My recent blog activity included posts on Prologues and Chapter One. I’m not going to try and post about every possible chapter in one of my books but do think it’s worth saying something about Chapter Two and beyond.

Chapter Two

Although I find Chapter Two more flexible than the Prologue and/or Chapter One, it can still have certain characteristics:

  • Chapter Two can almost be another Chapter One, just as hooky and demanding, introducing a whole new character and/or situation. This is particularly useful if I introduced one viewpoint character in the first chapter and now want to bring on another viewpoint character with just as much room for her/his story. NB I’d probably include the character introduced in Chapter One as well so as not to completely interrupt flow but I’ve seen other authors successfully bring on a new character and situation almost as if beginning a different book.
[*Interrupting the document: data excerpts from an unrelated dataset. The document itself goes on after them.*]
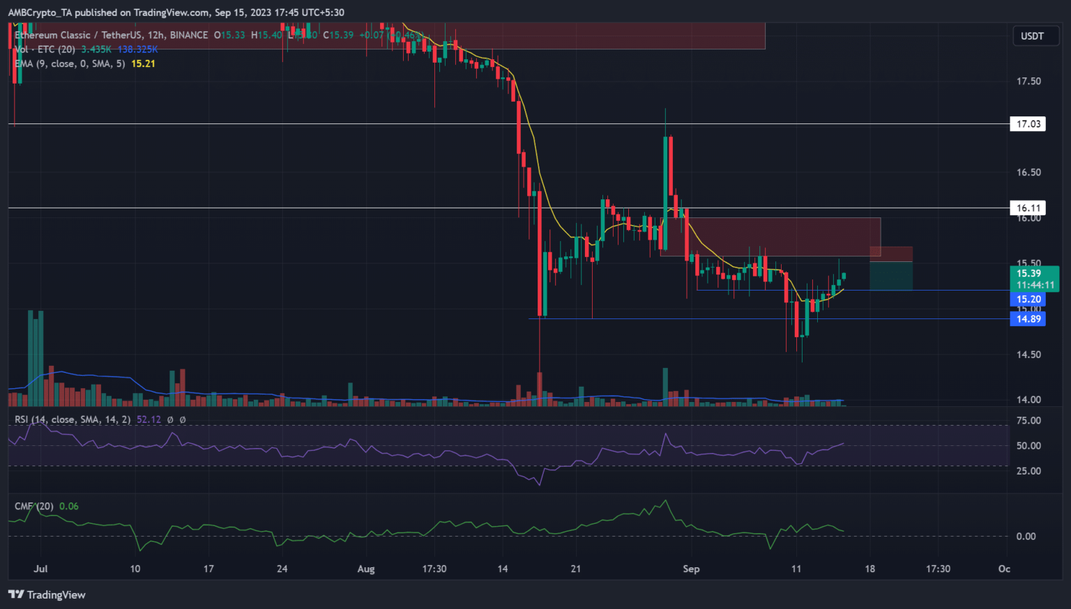 Etereum clásico [ETC] registró una modesta recuperación en la segunda semana de septiembre. La altcoin subió un 2% en el rendimiento semanal y cotizaba a 15,39 dólares al momento de esta publicación. Sin embargo, la recuperación se encaminaba hacia un obstáculo crucial y podría atraer vendedores.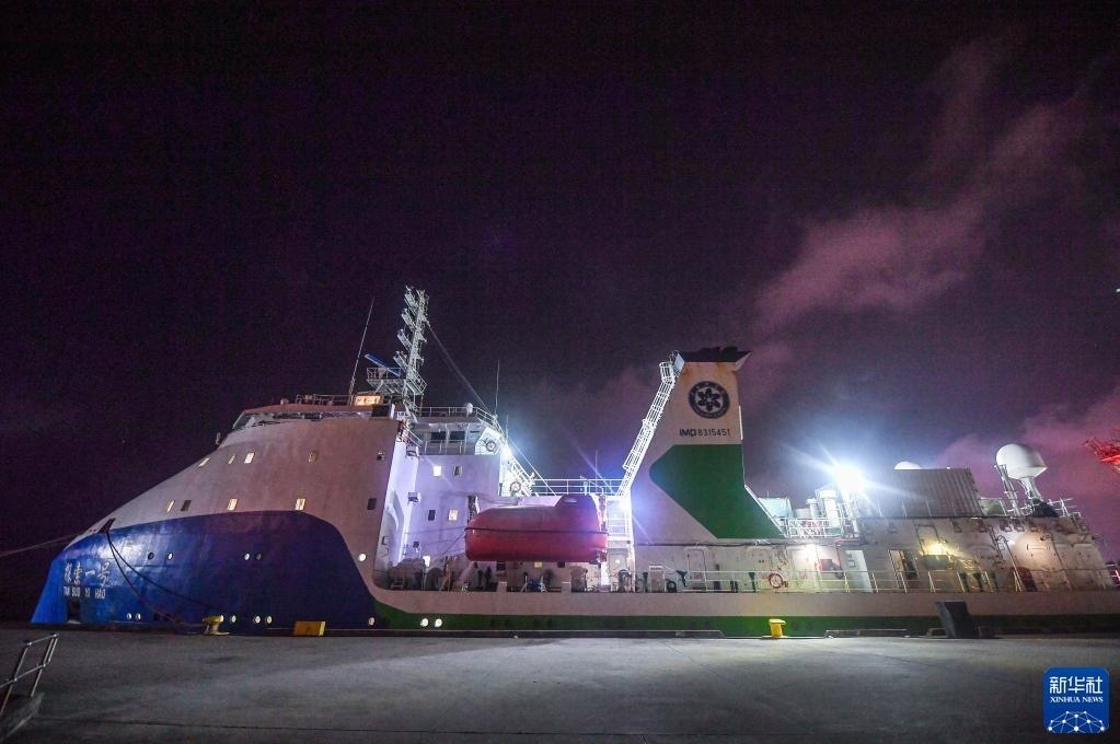 這是在海南三亞拍攝的“探索一號”科考船(5月22日攝)。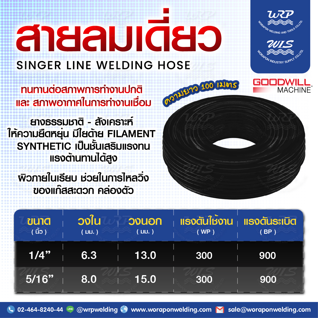 ลักษณะสาย | 3 ชั้น มีชั้นเสริมแรง : ใยด้ายถักที่ชั้นกลางเพื่อรองรับแรงดัน |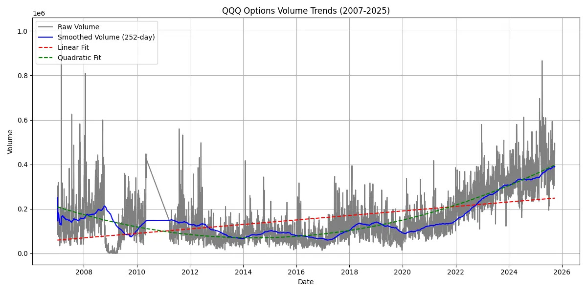 Firstly, things changed quite a bit after the GFC: regulations mandated dealers - banks and high frequency trading firms - to hold less stock on their books, so there’s a thinner buffer when orders surge. Most trades nowadays are algorithmically driven, and can widen or step back near instantaneously in response to changing risk levels. Many algorithms (like ETFs) or participants use similar signals and limits to make decisions, so when volatility jumps, they all cut risk together. That means less depth just as more orders hit, and price impact ramps up quickly rather than gradually.6Secondly, the generational wealth transfer from boomers to millennials and Gen Z creates rising liquidity (as portfolios are reshuffled) at just the time that retail trading is becoming massively accessible. Robinhood introduced options trading in December of 2017. You can see the influx of retail in the options volume data for the Nasdaq 100 from then onwards.7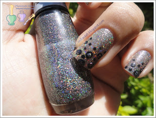 Esmaltei com o Latika Blueberry (2 camadas - muito fácil de esmaltar) e com o Impala Luna nas unhas que eu coloquei o adesivo.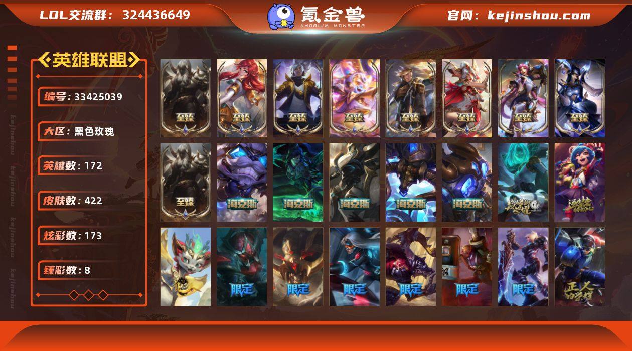 【951860】未定级段位-172英雄-422皮肤-173炫彩-0终极-17神话-29限定-38传说-112史诗 【珍稀头像】:至爱的鹿头像 【热门头像】:爱情鸽头像 【神话皮肤】:十周年纪念安妮,源代码乐芙兰,神凰行者瑞羽圣凰艾尼维亚 【至臻皮肤】:至臻灵能特工伊泽瑞尔,至臻战斗学院拉克丝,至臻太空律动节奏幻师璐璐,至臻青花瓷丽桑卓,至臻真实伤害亚索,至臻幻灵战斗猫金克丝,至臻腥红之月亚托克斯,至臻腥红之月亚托克斯(2022),至臻神凰行者烈羽焰凰霞 【海克斯皮肤】:海克斯科技阿利斯塔,海克斯科技阿木木,摄魂使者薇恩,海克斯科技吉格斯,零之枪骑赫卡里姆 【臻彩皮肤】:天龙之子卡莎飞龙乘云,无畏骑士瑟庄妮赤子初心,墨之影武者亚索金墨耀影,征服者阿利斯塔炫金,神龙尊者圣龙李青龙腾云起,可爱可爱粉红红布里茨,魔女阿卡丽虚荣,净雪之月莫甘娜冬虹 【年限皮肤】:天龙之子斯莫德 【冰雪限定】:幸福女神乐芙兰,圣诞狂欢努努和威朗普,圣诞糖果棒厄运小姐,胡桃夹子萨科,魄罗骑士瑟庄妮,圣诞老人布隆 【限定皮肤】:冠军之刃锐雯,SSW锤石,SKTT1奥拉夫,FPX墨菲特,玉剑传说神机花火,胜利枪神格雷福斯,胜利女神奥莉安娜,胜利之剑亚托克斯,胜利枪神卢锡安,胜...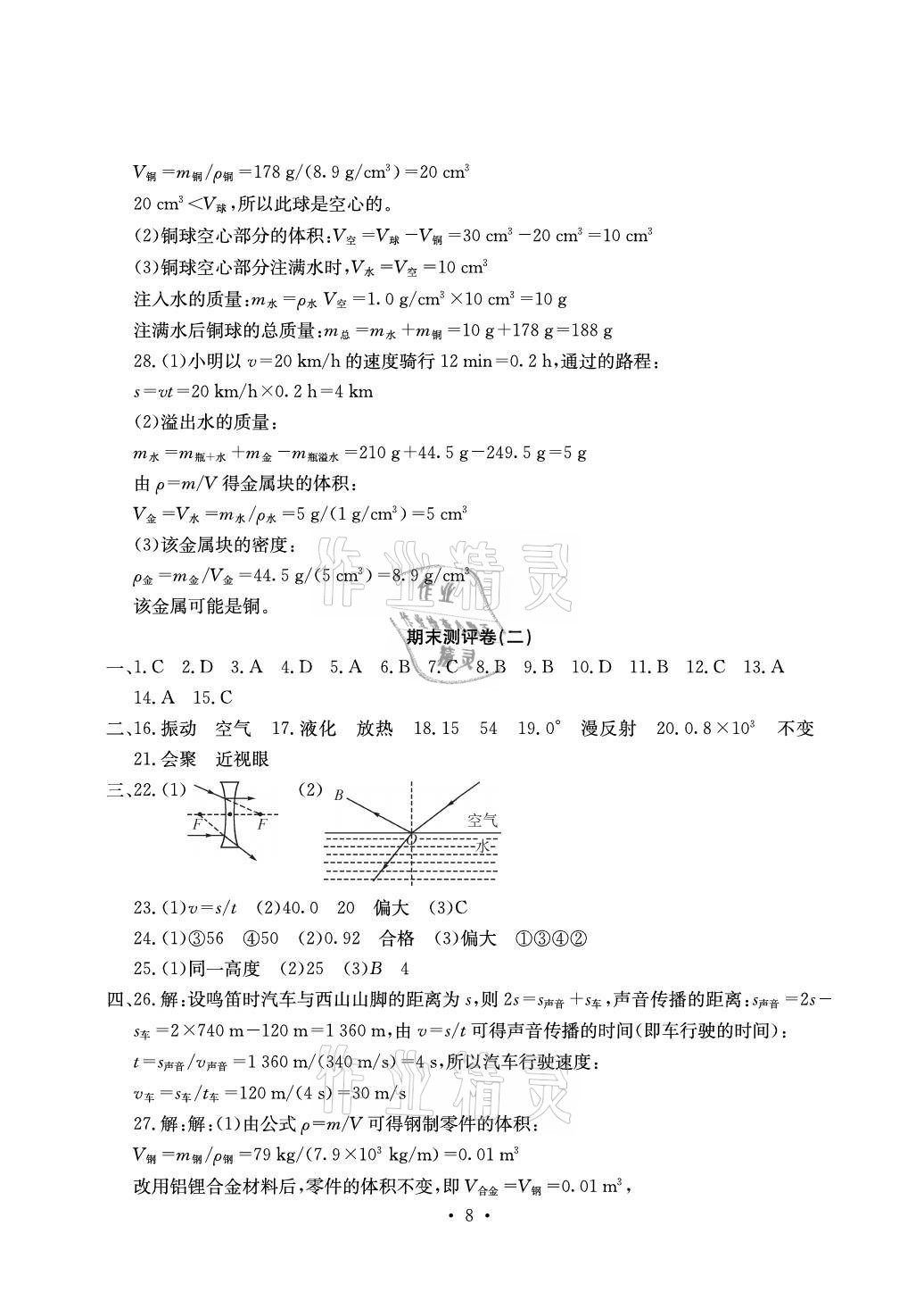 2021年大显身手素质教育单元测评卷八年级物理上册人教版

I think this latter approach takes a bit of confidence that the readers won’t feel disconnected and go and read something else instead, though.
  • Or Chapter Two can be a continuance of, or reaction to, the dramatic situation contained in Chapter One.
  • Or it can contain the background stuff I need to rationalise what’s grabbed the readers’ attention in Chapter One but I thought would interrupt flow at the time. I could allow myself a flashback at this point … if I was certain I needed one. Instead, I usually choose to bring the same information out in conversation/confrontation/introspection because it keeps the story flowing forward. I feel as if flashbacks put the action in reverse. NB This may be a personal prejudice.
  • Chapter Two can also be a place for readers to take a breather by introducing a complete change of pace. This can provide a sense of settling into the story. NB I wouldn’t want the pace to drop too far or for too long.

All chapters

I try and make every chapter open at a point of significance, exactly like a short story – bounce into the action or have somebody say something hookily surprising or intriguing. 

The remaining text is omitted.